First, thank you for the excellent work on the rsample package and the entire tidymodels ecosystem. Your contributions have significantly improved accessibility and usability for data science and machine learning in R, and your consistent, high-quality work is truly appreciated.

Feature Request: kfold_cv() Wrapper Function

I would like to suggest adding a kfold_cv() function as a wrapper for vfold_cv(). This request is aimed at enhancing both terminology consistency and user accessibility, as "k-fold cross-validation" is overwhelmingly the more common term in the literature and among practitioners.

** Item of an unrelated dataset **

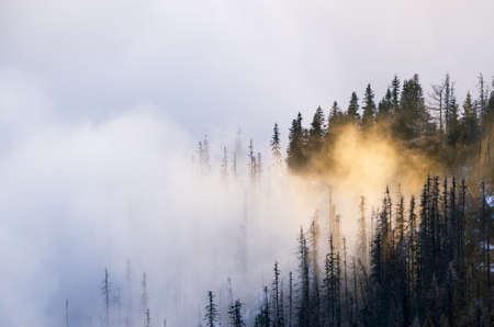 Misty forest in the mountains. Beautiful landscape with coniferous forest.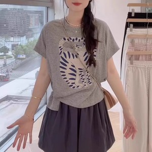 ピュアコットン猫プリント半袖Tシャツレディースプラスサイズ少し太ったMM夏サイドボタンウエストTシャツ多用途痩身トップ

It could simply be implemented as:

#' @rdname vfold_cv
#' @param v,k The number of partitions of the data set
#' @export
kfold_cv(data, k = 10, repeats = 1, strata = NULL, breaks = 4, pool = 0.1, ...) {
  vfold_cv(data = data, v = k, repeats = repeats, strata = strata, breaks = breaks, pool = pool, ...)
}

Rationale

  1. Standard Terminology Usage: The term "k-fold cross-validation" is widely recognized as the standard across numerous publications and textbooks on machine learning and statistics. Here are some authoritative sources where the term "k-fold cross-validation" is used consistently:

    • Hastie, Tibshirani, and Friedman (2009) in The Elements of Statistical Learning specifically refer to "k-fold cross-validation" (p. 222, Springer) as a foundational resampling method.
    • James, Witten, Hastie, and Tibshirani (2013) in An Introduction to Statistical Learning also use "k-fold cross-validation" (p. 176, Springer), reflecting the term’s adoption in foundational texts.
    • Goodfellow, Bengio, and Courville (2016) in Deep Learning further emphasize "k-fold cross-validation" as a core method in machine learning (MIT Press, p. 120).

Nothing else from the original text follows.